Why Observe – Part 3: The Platform

By Jacob Leverich,October 12, 2020

In Part 2, I ended by describing the concept of Resources, and how links to Resources can be registered at any time.

The trick we use to add these links after-the-fact is rather simple: they are simply foreign key relationships in our data model. In fact, our whole solution is built on a foundation of relational modeling of machine data. Perhaps the easiest way to think of this is “We make a relational database out of all of your machine data.” I mentioned in Part 1 that we were rather taken with the OpenTracing data model when we started, and had imagined shaping our product around it. Nevertheless, we found that data model too restrictive and ineffective when trying to represent things that didn’t map tidily to a typical remote procedure call graph (like the changing state of a long-lived Resource). Instead, we found much more joy when we hewed closer to classic relational modeling, or perhaps a model roughly summarized as a “temporal relational star schema for machine data,” This held both for achieving the semantics we wanted out of our query and data management engine, as well as efficiently realizing it.

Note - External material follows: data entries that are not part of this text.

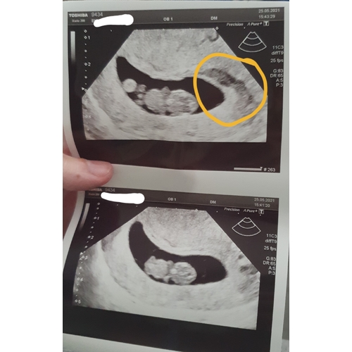 Vorige zwangerschap wist ik niet dat het er 2 waren. Verloor lange tijd bruin bloed.. tot op een zondag een vruchtje.. dacht het is klaar. Dag erna. Spoed echo en bleek kindje met een goed hartje te zitten. Barste in tranen uit.. had het laten zien. Had foto gemaakt en toen zei ze duidelijk echt een miskraam..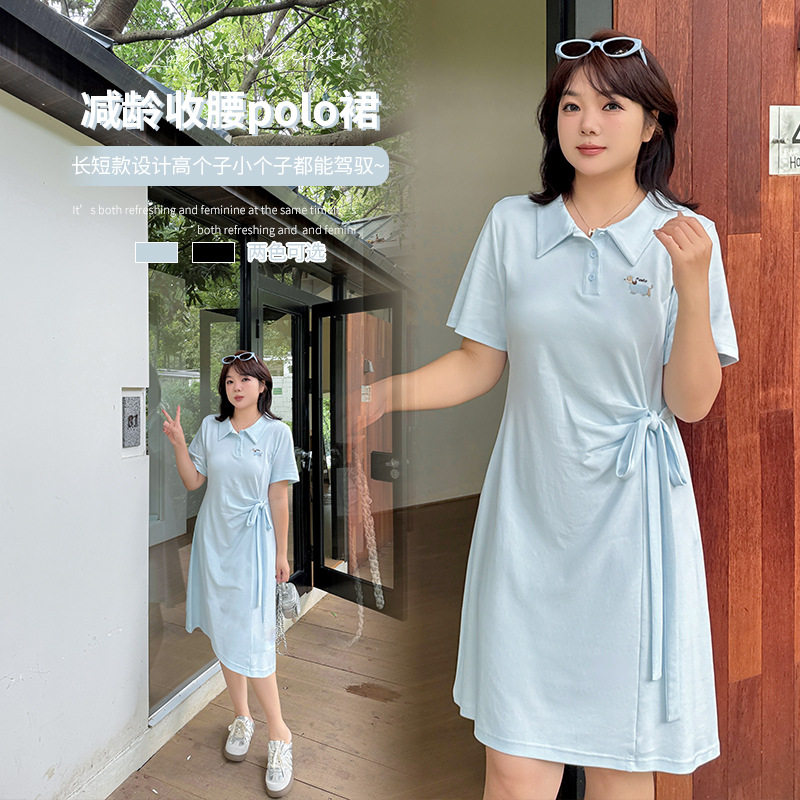 大码女装200斤胖MM闺蜜装显瘦遮肚撞色时髦夏季新款polo领连衣裙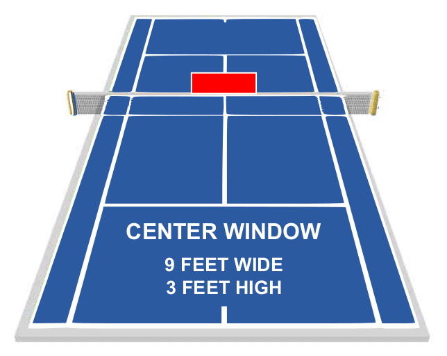 Center Window: a 9ft wide by 3ft high window centered at the net strap. The center window resembles an hourglass with the small neck being located at the center of the net.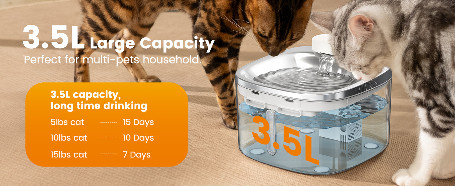 - Over time, your cats will grow comfortable with the fountain and begin drinking from it. Be patient and allow both yourself and your cats time to adapt.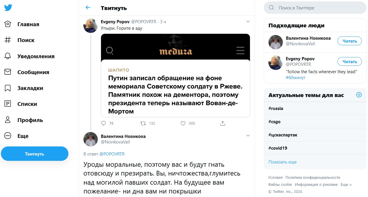 Путин записал обращение на фоне мемориала Советскому солдату в Ржеве. Издание "Медуза" сравнило памятник с дементором из "Гарри Поттера", чтобы оскорбить президента России. "Вы, ничтожества, глумитесь над могилой павших солдат. На будущее вам пожелание - ни дна вам, ни покрышки", - гневаются пользователи соцсетей.

We make a relational database out of all of your machine data.

All told, this inclination towards relational modeling of machine data led us towards perhaps the most radical decision to date with respect to how to build our product: to use Snowflake (the elastic cloud data warehouse) as the data store of record for Observe. With decades of collective experience building large-scale distributed data management systems in our founding team, it was a rather non-obvious decision to delegate this key piece of our value-delivery chain. Nevertheless, that experience also gave us the collective wisdom to appreciate that it takes 3-5 years of effort to bootstrap a new data management system, which is a rather significant side quest when building a new product! This was especially the case for us, as our product and technical vision relied upon the capacity to do large-scale parallel joins in order to correlate the mountains of disparate telemetry we collected.

The decision to delegate essentially boiled down to this: if there exists a relational database that can satisfy our requirements, we should use it, and we should focus our collective effort towards building a great Observability product instead of building another database. Those requirements came down to:

– Ability to ingest 100s of terabytes to petabytes of data per day, and store those for months to years.

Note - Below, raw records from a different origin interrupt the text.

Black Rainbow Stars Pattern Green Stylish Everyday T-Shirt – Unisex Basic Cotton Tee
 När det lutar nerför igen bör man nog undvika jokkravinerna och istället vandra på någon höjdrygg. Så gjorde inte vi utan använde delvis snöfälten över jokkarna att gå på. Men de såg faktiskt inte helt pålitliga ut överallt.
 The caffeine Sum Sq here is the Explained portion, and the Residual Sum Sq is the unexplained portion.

– Ability to provide a delightfully interactive user experience, despite managing terabytes of data.

– Ability to work efficiently with semi-structured data (i.e. the messy slop you find in logs).

– Ability to efficiently execute the kinds of band-joins and window analytic functions needed for us to realize efficient queries on Resources.

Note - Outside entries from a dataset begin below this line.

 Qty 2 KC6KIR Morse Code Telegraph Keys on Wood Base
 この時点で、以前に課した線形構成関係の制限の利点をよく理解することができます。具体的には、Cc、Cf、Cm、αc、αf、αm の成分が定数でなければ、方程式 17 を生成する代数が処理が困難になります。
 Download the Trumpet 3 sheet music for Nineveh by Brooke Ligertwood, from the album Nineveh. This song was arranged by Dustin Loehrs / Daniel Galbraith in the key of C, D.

– Unit economics that make sense for the Observability use-case.

We started with a bias towards Snowflake, which is not surprising given that two of our co-founders were members of the early engineering team at Snowflake (and built a chunk of its backend execution engine). Even so, it still wasn’t obvious that Snowflake would satisfy all of our requirements above. We spent the better part of our first year as an engineering team ironing out the details, enacting proof-of-concept tracing, metrics, and logging use-cases on top of Snowflake in order to learn where the major challenges lie, all the while carefully accounting for the costs of delivering our solution. Around the time we cracked the puzzle of implementing all of the main operators and semantics of temporal relational algebra on top of Snowflake, we had gathered enough experience, evidence, and conviction that we could deliver a first-class Observability experience on data stored in it, while retaining a competitive price point. We were committed, and the benefit to us was clear: we would be able to focus our engineering attention on product development, and we could rely upon the expressivity of a complete SQL database in our foundation.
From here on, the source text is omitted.